46 killed in Bulgaria in Europe's worst bus crash for a decade

By Nikolay DOYCHINOV with Diana SIMEONOVA in Sofia and Darko DURIDANSKI in Skopje
Officials believe the bus crashed into the guardrails and caught fire while returning from Istanbul in Turkey to Skopje in North Macedonia. ©AFP

Bosnek (Bulgaria) (AFP) - A tourist bus carrying North Macedonians caught fire and crashed in Bulgaria on Tuesday, killing 46 people, including a dozen children, in Europe's deadliest road accident in the past decade.

Although the cause has yet to be determined, officials believe the bus crashed into the guardrails and caught fire while returning from Istanbul in Turkey to Skopje in North Macedonia.

North Macedonia will fly flags at half-mast during three days of mourning, while Bulgaria and Kosovo also declared days of mourning for Wednesday.

Seven people survived the crash by breaking a window and jumping to safety, according to officials.

Bulgarian Interior Minister Boyko Rashov warned of the difficulty of establishing a final death toll, saying: "People are huddled together, their bodies are burnt to ashes inside the bus." 

He said individual identification of the victims would be "very difficult".

North Macedonian Prime Minister Zoran Zaev travelled to Sofia to visit the injured in hospital and called the crash a "tragedy", in particular because of the young age of many of the victims.

Among the 12 children were a pair of four-year-old twins.

Families 'know nothing'

Some of the victims' families rushed from North Macedonia to Sofia but were denied entry at the hospital where the victims were being treated.

"I only know that my uncle is alive and well.But I know nothing so far about his wife and son," Yousouf Bajazidovski told AFP outside the hospital.

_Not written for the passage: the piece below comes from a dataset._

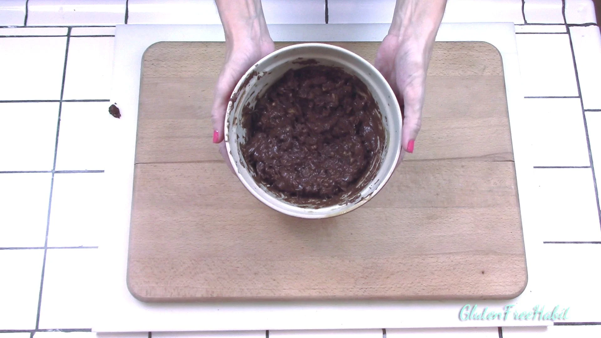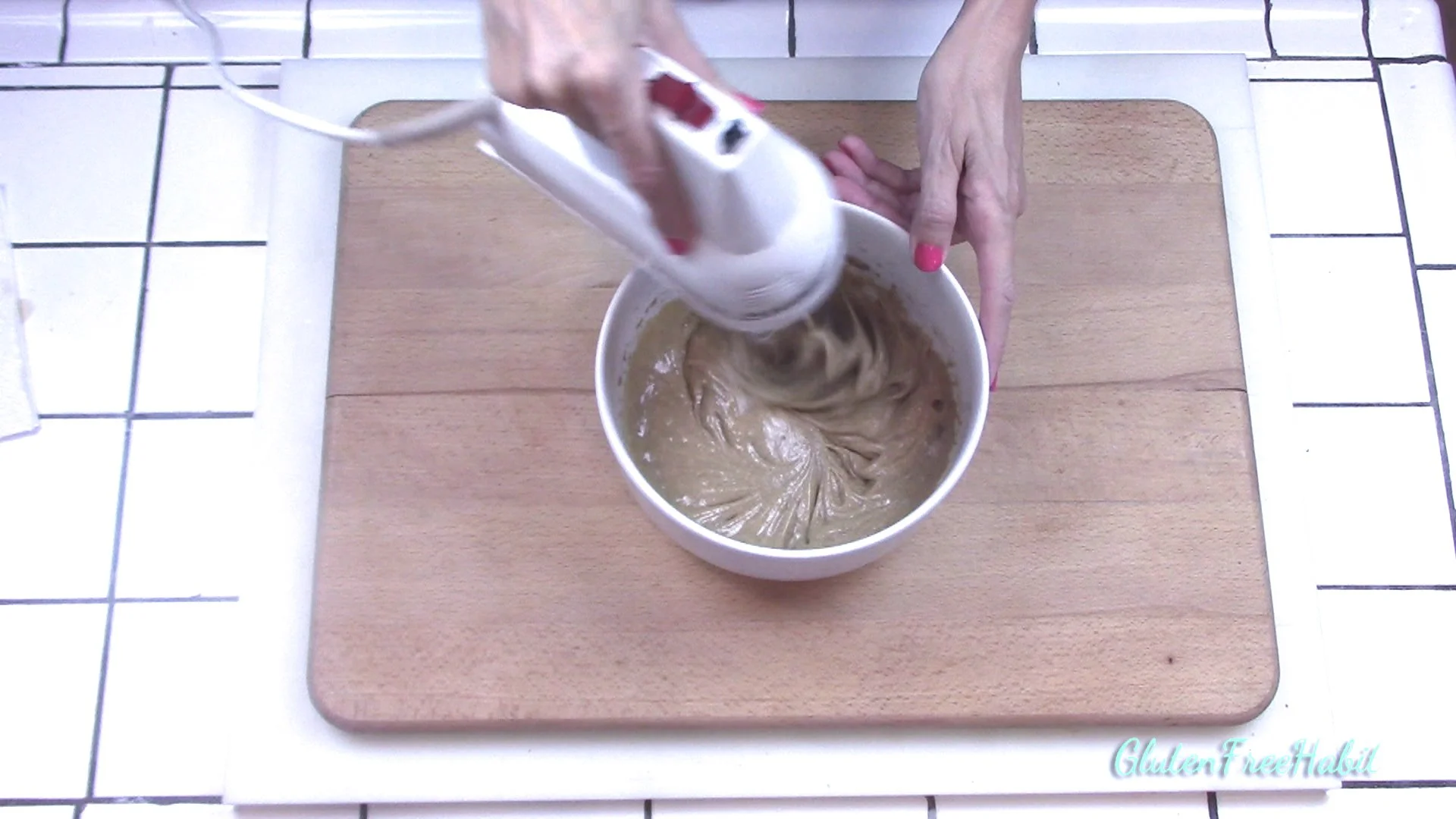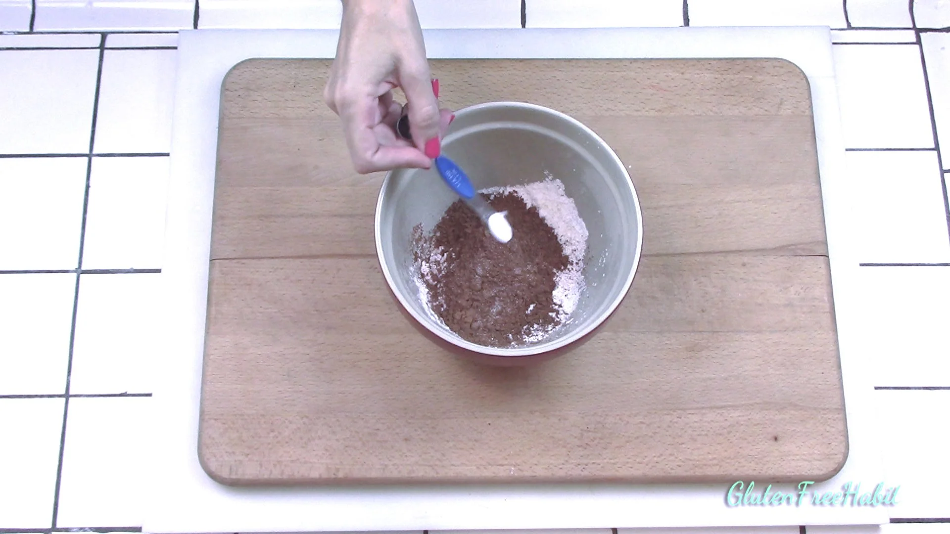 Combine your dry ingredients: Set out a medium-sized bowl and whisk together the white rice flour, brown rice flour, tapioca flour, cocoa powder, salt, baking soda, and xanthan gum. Set aside.
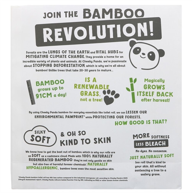 A soft, luxurious quilted FSC 100% sustainable Bamboo toilet roll, which hasn't been chemically lightened; thus retaining it's natural colour

"The doctors say that if they're not here they are probably among the dead."

Another relative, Ramis Bajazidov, said those waiting "don't know anything" of the fate of their loved ones.

North Macedonian media reported that several of the dead were from a Skopje primary school, where all classes were stopped.

The accident happened after midnight on a road about 40 kilometres (26 miles) from the capital, Sofia.

Many of the dead were between 20 and 30 years old, officials said.

Local media said the bus was registered with the Besa Trans tourist agency, which organises sightseeing and shopping tours to Istanbul.

North Macedonia's transport minister told reporters on Tuesday that the bus was not registered for international transport.

The tour bus company did not immediately respond when contacted by AFP.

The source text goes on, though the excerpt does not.